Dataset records

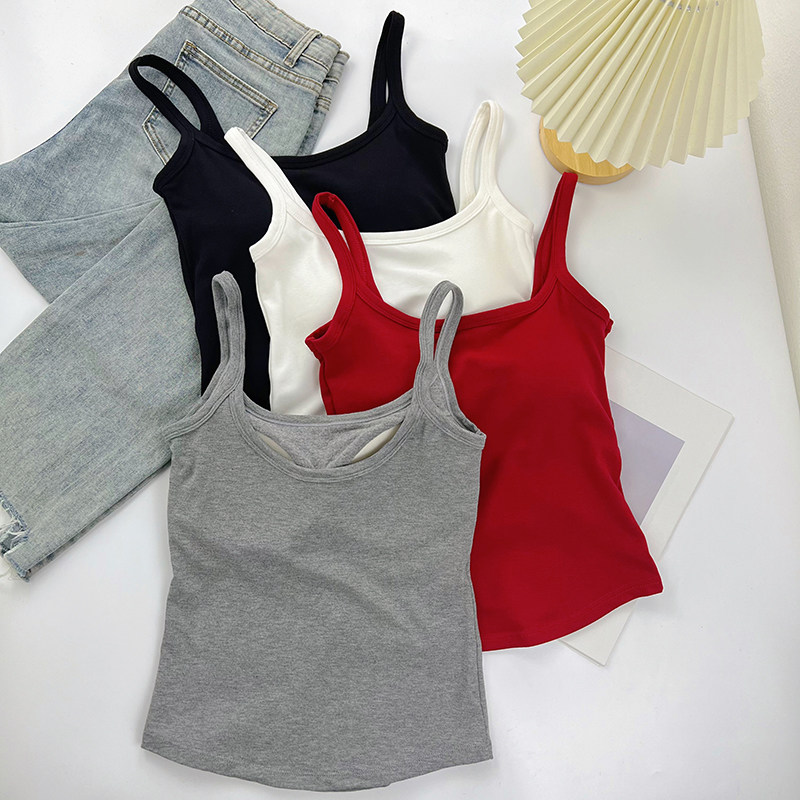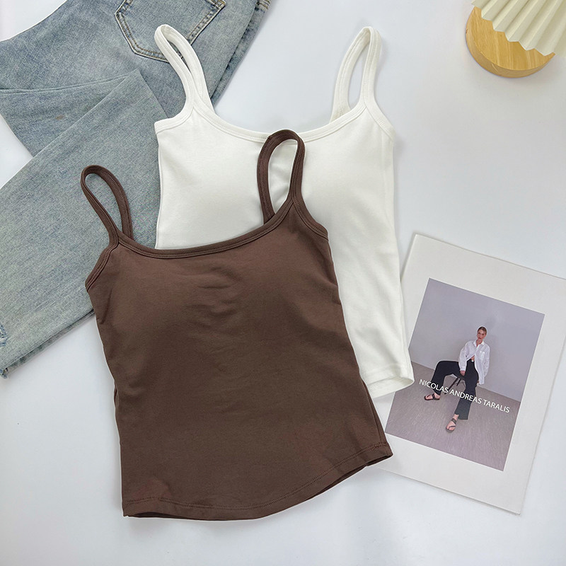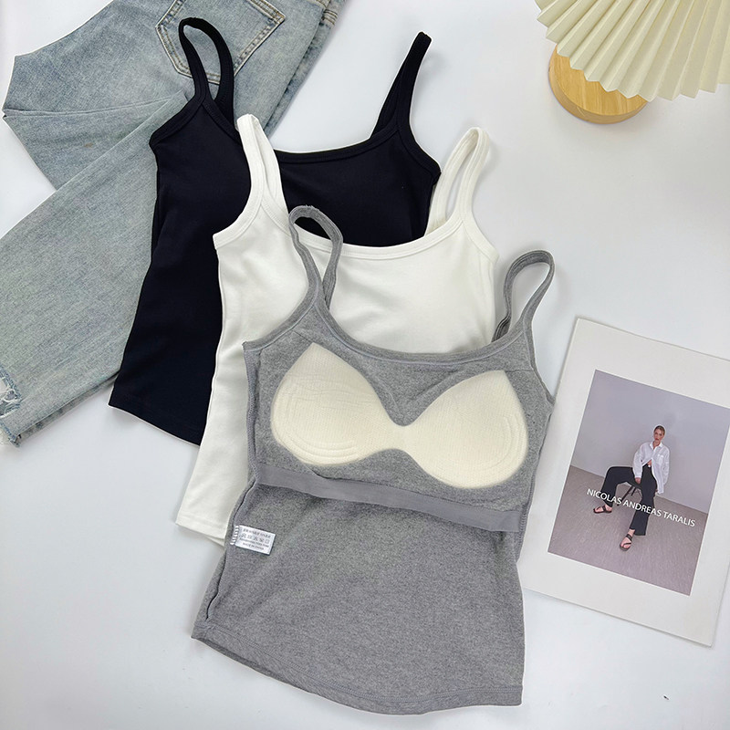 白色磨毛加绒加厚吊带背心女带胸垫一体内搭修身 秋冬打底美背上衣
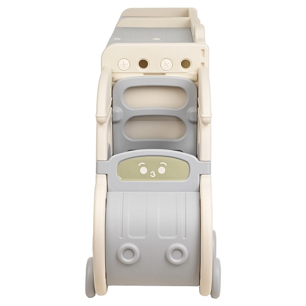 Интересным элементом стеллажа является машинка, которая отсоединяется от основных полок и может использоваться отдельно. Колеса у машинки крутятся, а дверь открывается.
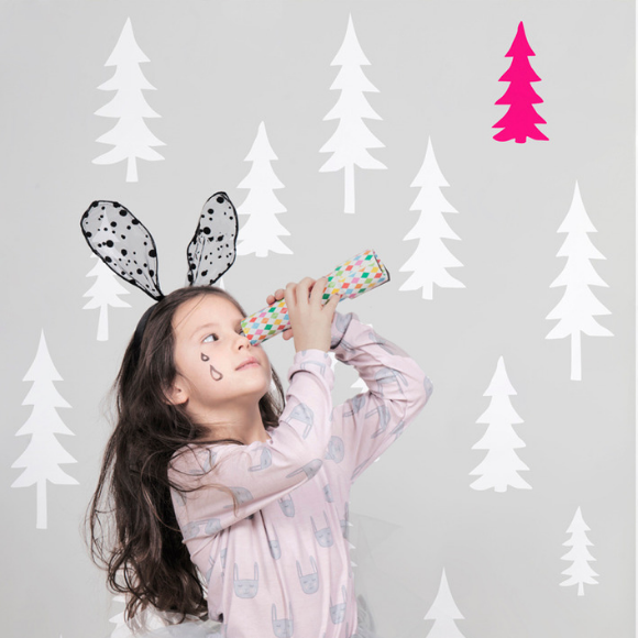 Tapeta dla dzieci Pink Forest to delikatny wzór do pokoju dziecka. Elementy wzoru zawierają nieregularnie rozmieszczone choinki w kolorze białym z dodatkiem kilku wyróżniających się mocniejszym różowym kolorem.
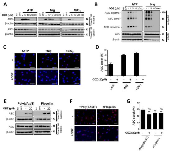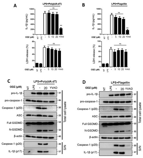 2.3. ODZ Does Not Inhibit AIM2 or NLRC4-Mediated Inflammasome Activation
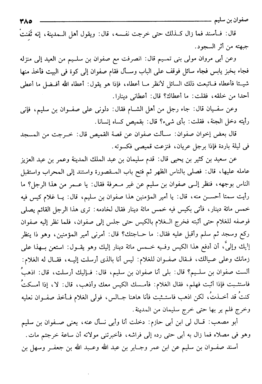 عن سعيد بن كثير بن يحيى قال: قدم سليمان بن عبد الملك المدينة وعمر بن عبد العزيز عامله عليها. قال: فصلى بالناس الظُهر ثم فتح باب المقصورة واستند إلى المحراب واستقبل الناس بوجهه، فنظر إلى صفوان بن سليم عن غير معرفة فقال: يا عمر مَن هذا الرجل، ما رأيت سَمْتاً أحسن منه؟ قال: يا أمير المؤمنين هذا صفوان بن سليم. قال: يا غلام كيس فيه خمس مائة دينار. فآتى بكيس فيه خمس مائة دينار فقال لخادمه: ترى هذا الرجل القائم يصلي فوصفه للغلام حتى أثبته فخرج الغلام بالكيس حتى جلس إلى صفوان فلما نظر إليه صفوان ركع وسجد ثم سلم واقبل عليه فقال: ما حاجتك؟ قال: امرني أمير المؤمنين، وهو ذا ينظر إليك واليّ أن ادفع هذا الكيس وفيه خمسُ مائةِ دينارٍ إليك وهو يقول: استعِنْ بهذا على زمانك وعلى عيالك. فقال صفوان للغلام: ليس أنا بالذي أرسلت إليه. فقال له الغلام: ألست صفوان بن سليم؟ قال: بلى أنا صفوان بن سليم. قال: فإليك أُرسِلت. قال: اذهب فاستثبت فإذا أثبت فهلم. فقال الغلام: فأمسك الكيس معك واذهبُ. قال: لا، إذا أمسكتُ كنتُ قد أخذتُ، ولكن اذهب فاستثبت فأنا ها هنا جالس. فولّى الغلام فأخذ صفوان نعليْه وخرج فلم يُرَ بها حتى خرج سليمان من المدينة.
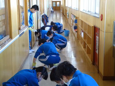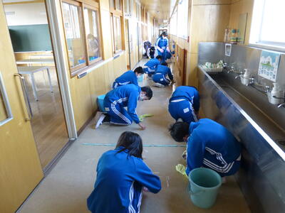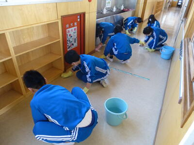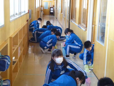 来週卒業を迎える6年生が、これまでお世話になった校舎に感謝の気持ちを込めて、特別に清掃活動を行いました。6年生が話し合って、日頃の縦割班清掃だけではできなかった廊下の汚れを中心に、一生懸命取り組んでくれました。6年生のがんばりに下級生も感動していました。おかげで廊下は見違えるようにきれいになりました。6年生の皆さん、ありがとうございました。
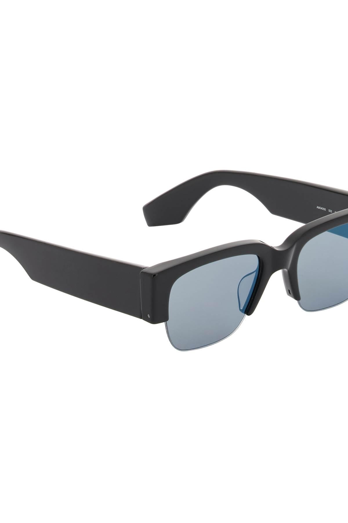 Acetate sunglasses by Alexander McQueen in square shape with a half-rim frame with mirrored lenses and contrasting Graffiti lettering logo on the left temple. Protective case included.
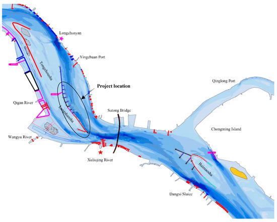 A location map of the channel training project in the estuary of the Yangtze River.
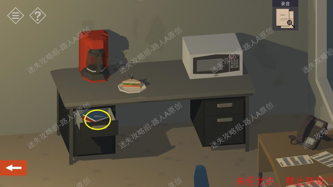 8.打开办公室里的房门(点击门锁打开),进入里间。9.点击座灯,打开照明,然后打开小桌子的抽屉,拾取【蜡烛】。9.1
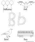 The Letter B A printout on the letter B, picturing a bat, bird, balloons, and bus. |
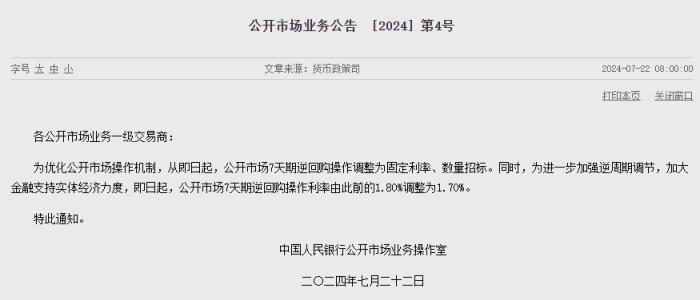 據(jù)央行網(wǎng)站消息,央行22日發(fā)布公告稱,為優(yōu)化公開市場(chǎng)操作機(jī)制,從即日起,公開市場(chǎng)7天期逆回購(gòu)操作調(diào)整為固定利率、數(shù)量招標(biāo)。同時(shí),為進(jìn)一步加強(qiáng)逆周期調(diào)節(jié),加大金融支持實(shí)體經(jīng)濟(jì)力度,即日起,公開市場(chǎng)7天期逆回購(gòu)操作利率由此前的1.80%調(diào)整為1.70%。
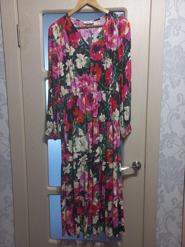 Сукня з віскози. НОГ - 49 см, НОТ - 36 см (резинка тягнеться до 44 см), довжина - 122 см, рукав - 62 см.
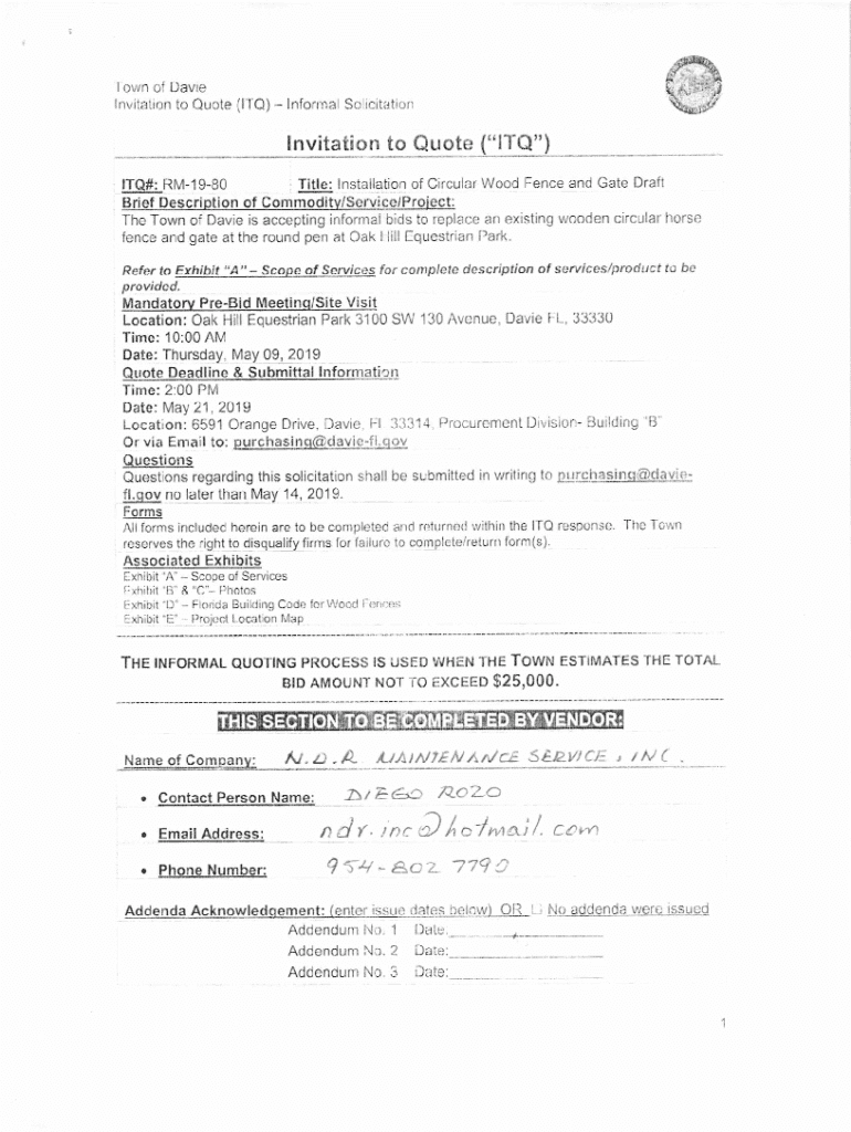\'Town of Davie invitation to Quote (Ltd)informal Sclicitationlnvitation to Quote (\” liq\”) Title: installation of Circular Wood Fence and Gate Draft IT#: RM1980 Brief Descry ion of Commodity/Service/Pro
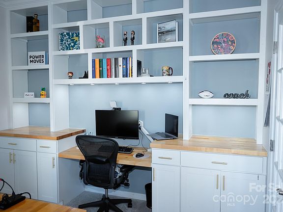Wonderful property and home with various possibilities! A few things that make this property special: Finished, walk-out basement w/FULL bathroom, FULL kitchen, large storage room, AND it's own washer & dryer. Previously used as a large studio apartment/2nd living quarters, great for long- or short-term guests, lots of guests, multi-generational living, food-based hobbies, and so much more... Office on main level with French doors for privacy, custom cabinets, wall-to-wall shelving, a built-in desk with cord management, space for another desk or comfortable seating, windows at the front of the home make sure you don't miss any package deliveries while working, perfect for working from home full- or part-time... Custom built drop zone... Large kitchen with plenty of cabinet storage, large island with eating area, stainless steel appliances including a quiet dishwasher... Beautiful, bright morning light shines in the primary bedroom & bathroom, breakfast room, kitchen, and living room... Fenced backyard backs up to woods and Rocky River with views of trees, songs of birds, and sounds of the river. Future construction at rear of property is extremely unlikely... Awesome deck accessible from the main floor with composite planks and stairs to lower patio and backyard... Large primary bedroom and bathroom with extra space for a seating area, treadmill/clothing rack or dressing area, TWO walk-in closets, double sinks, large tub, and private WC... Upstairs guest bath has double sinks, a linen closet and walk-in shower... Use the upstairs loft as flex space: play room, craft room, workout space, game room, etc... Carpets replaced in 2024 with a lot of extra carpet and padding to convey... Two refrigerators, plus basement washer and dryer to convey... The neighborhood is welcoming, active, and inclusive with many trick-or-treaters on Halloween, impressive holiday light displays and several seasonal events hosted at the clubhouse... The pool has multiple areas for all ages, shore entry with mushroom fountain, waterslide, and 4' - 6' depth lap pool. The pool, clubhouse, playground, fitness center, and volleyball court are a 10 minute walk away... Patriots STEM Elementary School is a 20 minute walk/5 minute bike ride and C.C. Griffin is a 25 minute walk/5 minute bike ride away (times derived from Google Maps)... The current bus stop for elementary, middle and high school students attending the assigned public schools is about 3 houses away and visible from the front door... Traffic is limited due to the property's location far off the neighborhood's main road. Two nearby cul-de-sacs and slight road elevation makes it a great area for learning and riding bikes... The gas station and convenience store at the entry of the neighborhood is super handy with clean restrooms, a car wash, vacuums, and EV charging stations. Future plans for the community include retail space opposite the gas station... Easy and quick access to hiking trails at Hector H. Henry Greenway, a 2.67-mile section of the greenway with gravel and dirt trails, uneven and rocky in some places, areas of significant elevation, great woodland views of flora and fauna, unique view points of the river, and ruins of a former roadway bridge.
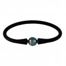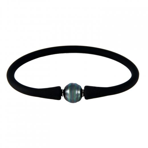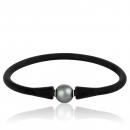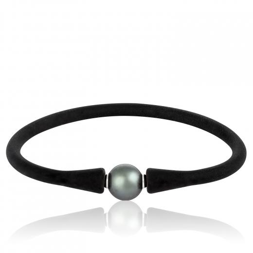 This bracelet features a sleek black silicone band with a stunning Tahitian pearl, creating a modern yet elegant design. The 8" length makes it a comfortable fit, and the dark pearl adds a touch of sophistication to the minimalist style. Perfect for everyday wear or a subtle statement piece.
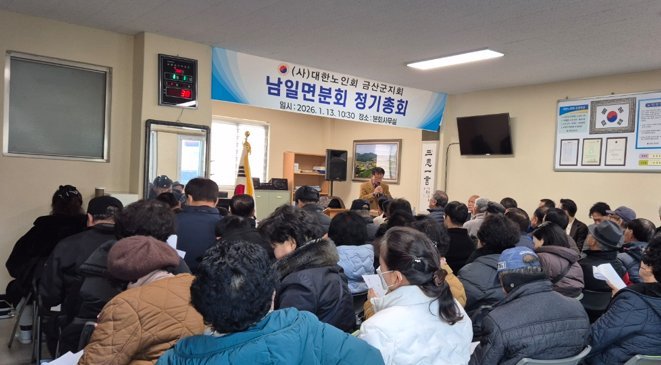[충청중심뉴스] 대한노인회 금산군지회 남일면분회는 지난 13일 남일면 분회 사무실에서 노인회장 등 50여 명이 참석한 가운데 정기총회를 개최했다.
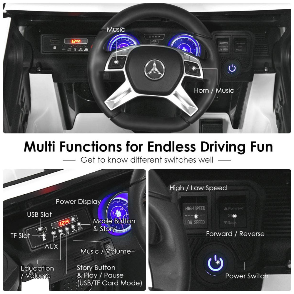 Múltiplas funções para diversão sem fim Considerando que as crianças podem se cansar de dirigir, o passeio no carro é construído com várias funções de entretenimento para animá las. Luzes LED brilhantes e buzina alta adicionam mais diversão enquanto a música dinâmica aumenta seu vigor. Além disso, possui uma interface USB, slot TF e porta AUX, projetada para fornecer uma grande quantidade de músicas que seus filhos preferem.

WHAT YOU SHOULD DO
Once the pictures are removed, output the entries above exactly as given.

EXERCISE OUTPUT
 白色磨毛加绒加厚吊带背心女带胸垫一体内搭修身 秋冬打底美背上衣
 Интересным элементом стеллажа является машинка, которая отсоединяется от основных полок и может использоваться отдельно. Колеса у машинки крутятся, а дверь открывается.
 Tapeta dla dzieci Pink Forest to delikatny wzór do pokoju dziecka. Elementy wzoru zawierają nieregularnie rozmieszczone choinki w kolorze białym z dodatkiem kilku wyróżniających się mocniejszym różowym kolorem.
 2.3. ODZ Does Not Inhibit AIM2 or NLRC4-Mediated Inflammasome Activation
 عن سعيد بن كثير بن يحيى قال: قدم سليمان بن عبد الملك المدينة وعمر بن عبد العزيز عامله عليها. قال: فصلى بالناس الظُهر ثم فتح باب المقصورة واستند إلى المحراب واستقبل الناس بوجهه، فنظر إلى صفوان بن سليم عن غير معرفة فقال: يا عمر مَن هذا الرجل، ما رأيت سَمْتاً أحسن منه؟ قال: يا أمير المؤمنين هذا صفوان بن سليم. قال: يا غلام كيس فيه خمس مائة دينار. فآتى بكيس فيه خمس مائة دينار فقال لخادمه: ترى هذا الرجل القائم يصلي فوصفه للغلام حتى أثبته فخرج الغلام بالكيس حتى جلس إلى صفوان فلما نظر إليه صفوان ركع وسجد ثم سلم واقبل عليه فقال: ما حاجتك؟ قال: امرني أمير المؤمنين، وهو ذا ينظر إليك واليّ أن ادفع هذا الكيس وفيه خمسُ مائةِ دينارٍ إليك وهو يقول: استعِنْ بهذا على زمانك وعلى عيالك. فقال صفوان للغلام: ليس أنا بالذي أرسلت إليه. فقال له الغلام: ألست صفوان بن سليم؟ قال: بلى أنا صفوان بن سليم. قال: فإليك أُرسِلت. قال: اذهب فاستثبت فإذا أثبت فهلم. فقال الغلام: فأمسك الكيس معك واذهبُ. قال: لا، إذا أمسكتُ كنتُ قد أخذتُ، ولكن اذهب فاستثبت فأنا ها هنا جالس. فولّى الغلام فأخذ صفوان نعليْه وخرج فلم يُرَ بها حتى خرج سليمان من المدينة.
 来週卒業を迎える6年生が、これまでお世話になった校舎に感謝の気持ちを込めて、特別に清掃活動を行いました。6年生が話し合って、日頃の縦割班清掃だけではできなかった廊下の汚れを中心に、一生懸命取り組んでくれました。6年生のがんばりに下級生も感動していました。おかげで廊下は見違えるようにきれいになりました。6年生の皆さん、ありがとうございました。
 Acetate sunglasses by Alexander McQueen in square shape with a half-rim frame with mirrored lenses and contrasting Graffiti lettering logo on the left temple. Protective case included.
 A location map of the channel training project in the estuary of the Yangtze River.
 8.打开办公室里的房门(点击门锁打开),进入里间。9.点击座灯,打开照明,然后打开小桌子的抽屉,拾取【蜡烛】。9.1
 The Letter B A printout on the letter B, picturing a bat, bird, balloons, and bus. |
 據(jù)央行網(wǎng)站消息,央行22日發(fā)布公告稱,為優(yōu)化公開市場(chǎng)操作機(jī)制,從即日起,公開市場(chǎng)7天期逆回購(gòu)操作調(diào)整為固定利率、數(shù)量招標(biāo)。同時(shí),為進(jìn)一步加強(qiáng)逆周期調(diào)節(jié),加大金融支持實(shí)體經(jīng)濟(jì)力度,即日起,公開市場(chǎng)7天期逆回購(gòu)操作利率由此前的1.80%調(diào)整為1.70%。
 Сукня з віскози. НОГ - 49 см, НОТ - 36 см (резинка тягнеться до 44 см), довжина - 122 см, рукав - 62 см.
\'Town of Davie invitation to Quote (Ltd)informal Sclicitationlnvitation to Quote (\” liq\”) Title: installation of Circular Wood Fence and Gate Draft IT#: RM1980 Brief Descry ion of Commodity/Service/Pro
Wonderful property and home with various possibilities! A few things that make this property special: Finished, walk-out basement w/FULL bathroom, FULL kitchen, large storage room, AND it's own washer & dryer. Previously used as a large studio apartment/2nd living quarters, great for long- or short-term guests, lots of guests, multi-generational living, food-based hobbies, and so much more... Office on main level with French doors for privacy, custom cabinets, wall-to-wall shelving, a built-in desk with cord management, space for another desk or comfortable seating, windows at the front of the home make sure you don't miss any package deliveries while working, perfect for working from home full- or part-time... Custom built drop zone... Large kitchen with plenty of cabinet storage, large island with eating area, stainless steel appliances including a quiet dishwasher... Beautiful, bright morning light shines in the primary bedroom & bathroom, breakfast room, kitchen, and living room... Fenced backyard backs up to woods and Rocky River with views of trees, songs of birds, and sounds of the river. Future construction at rear of property is extremely unlikely... Awesome deck accessible from the main floor with composite planks and stairs to lower patio and backyard... Large primary bedroom and bathroom with extra space for a seating area, treadmill/clothing rack or dressing area, TWO walk-in closets, double sinks, large tub, and private WC... Upstairs guest bath has double sinks, a linen closet and walk-in shower... Use the upstairs loft as flex space: play room, craft room, workout space, game room, etc... Carpets replaced in 2024 with a lot of extra carpet and padding to convey... Two refrigerators, plus basement washer and dryer to convey... The neighborhood is welcoming, active, and inclusive with many trick-or-treaters on Halloween, impressive holiday light displays and several seasonal events hosted at the clubhouse... The pool has multiple areas for all ages, shore entry with mushroom fountain, waterslide, and 4' - 6' depth lap pool. The pool, clubhouse, playground, fitness center, and volleyball court are a 10 minute walk away... Patriots STEM Elementary School is a 20 minute walk/5 minute bike ride and C.C. Griffin is a 25 minute walk/5 minute bike ride away (times derived from Google Maps)... The current bus stop for elementary, middle and high school students attending the assigned public schools is about 3 houses away and visible from the front door... Traffic is limited due to the property's location far off the neighborhood's main road. Two nearby cul-de-sacs and slight road elevation makes it a great area for learning and riding bikes... The gas station and convenience store at the entry of the neighborhood is super handy with clean restrooms, a car wash, vacuums, and EV charging stations. Future plans for the community include retail space opposite the gas station... Easy and quick access to hiking trails at Hector H. Henry Greenway, a 2.67-mile section of the greenway with gravel and dirt trails, uneven and rocky in some places, areas of significant elevation, great woodland views of flora and fauna, unique view points of the river, and ruins of a former roadway bridge.
 This bracelet features a sleek black silicone band with a stunning Tahitian pearl, creating a modern yet elegant design. The 8" length makes it a comfortable fit, and the dark pearl adds a touch of sophistication to the minimalist style. Perfect for everyday wear or a subtle statement piece.
[충청중심뉴스] 대한노인회 금산군지회 남일면분회는 지난 13일 남일면 분회 사무실에서 노인회장 등 50여 명이 참석한 가운데 정기총회를 개최했다.
 Múltiplas funções para diversão sem fim Considerando que as crianças podem se cansar de dirigir, o passeio no carro é construído com várias funções de entretenimento para animá las. Luzes LED brilhantes e buzina alta adicionam mais diversão enquanto a música dinâmica aumenta seu vigor. Além disso, possui uma interface USB, slot TF e porta AUX, projetada para fornecer uma grande quantidade de músicas que seus filhos preferem.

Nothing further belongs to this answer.